Yellamraju Tarun, Boutin Mireille
IEEE Trans Image Process. 2018 Apr;27(4):1927-1938. doi: 10.1109/TIP.2017.2789327.
Clustering a high-dimensional data set is known to be very difficult. In this paper, we show that this is not the case when the points to cluster correspond to images. More specifically, image data sets are shown to have a lot of structures, so much, so that projecting the set onto a random 1D linear subspace is likely to uncover a binary grouping among the images. Based on this observation, we propose a method to quantify the clusterability of a data set. The method is based on the probability density of a measure (S) of clusterability (in 1D) of the projection of the data onto a random line. After comparing the clusterability of image datasets with that of synthetically generated clusters, we conclude that these intriguing structures we find in image datasets do not fit the notion of clusters in the traditional sense. Further suggested by our observation is a fast method for clustering high-dimensional data in a hierarchical fashion; at each stage, the data is partitioned into two based on the binary clustering found in a 1D random projection of the data. Since most of the computations are performed in 1D, this approach is extremely efficient. But despite its simplicity, it achieves overall a better quality of clustering than existing high-dimensional clustering methods, not only for datasets representing image data, but for other real data sets as well. Our results highlight the need to re-examine our assumptions about high-dimensional clustering and the geometry of real datasets such as sets of images.

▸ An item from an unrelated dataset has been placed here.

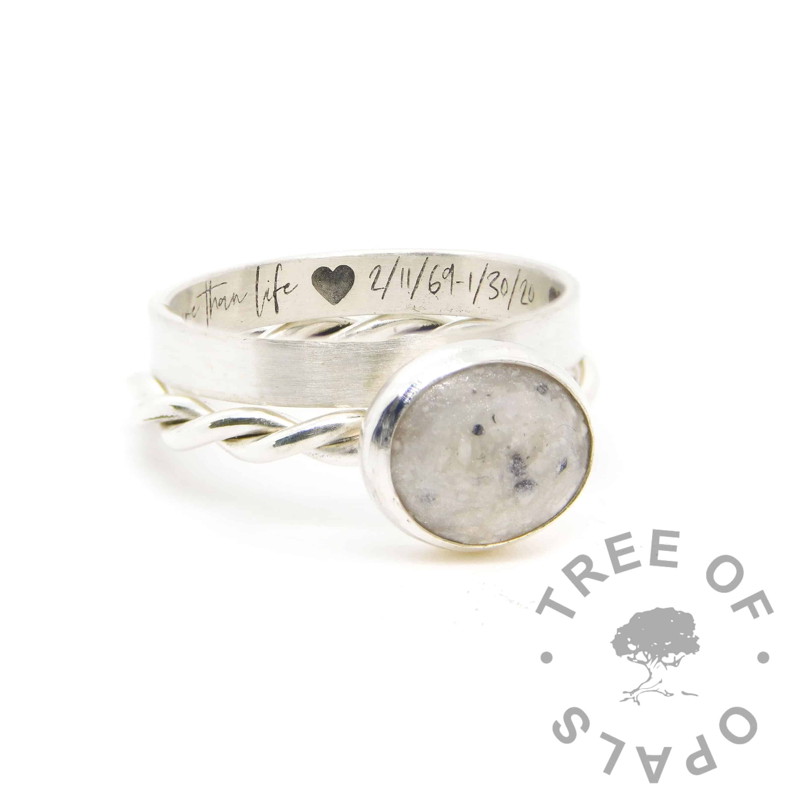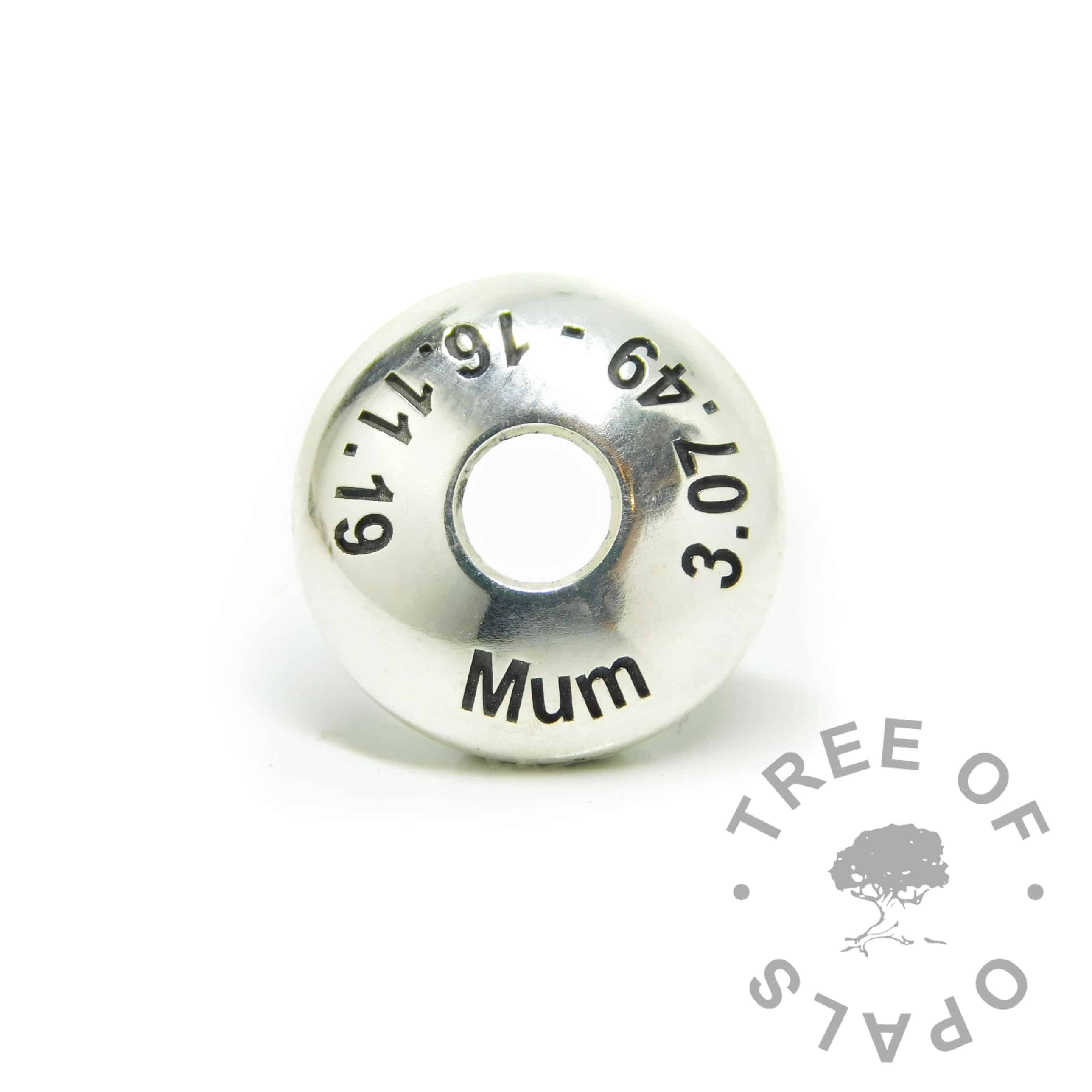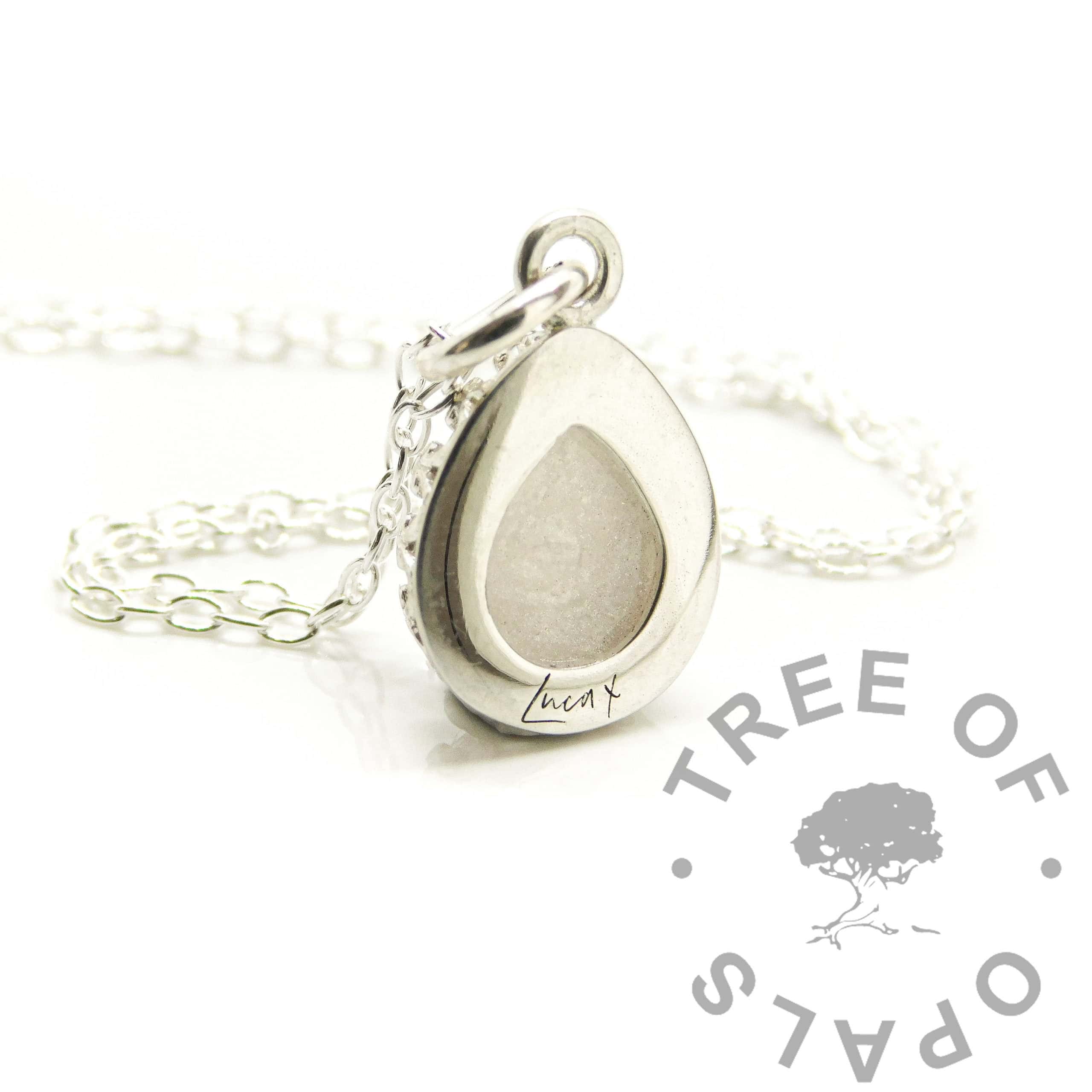 Text Engraving addition to any engravable jewellery item. Many of our pieces can have breastfeeding or memorial jewellery engraving and each piece we make is completely individual. Lots of clients choose to have their jewellery engraved with a message of love, remembrance, dates and names.

众所周知,对高维数据集进行聚类非常困难。在本文中,我们表明当要聚类的点对应于图像时情况并非如此。更具体地说,图像数据集显示出有很多结构,多到将该数据集投影到随机的一维线性子空间上很可能会揭示图像之间的二元分组。基于这一观察结果,我们提出了一种量化数据集可聚类性的方法。该方法基于数据投影到随机直线上的可聚类性度量(S)(在一维中)的概率密度。在将图像数据集的可聚类性与合成生成的聚类的可聚类性进行比较之后,我们得出结论,我们在图像数据集中发现的这些有趣结构不符合传统意义上的聚类概念。我们的观察结果还进一步提出了一种以分层方式对高维数据进行聚类的快速方法;在每个阶段,数据根据在数据的一维随机投影中找到的二元聚类被分成两部分。由于大多数计算是在一维中执行的,所以这种方法极其高效。但尽管其简单,它总体上比现有的高维聚类方法实现了更好的聚类质量,不仅适用于表示图像数据的数据集,也适用于其他真实数据集。我们的结果凸显了重新审视我们对高维聚类以及诸如图像集等真实数据集的几何结构的假设的必要性。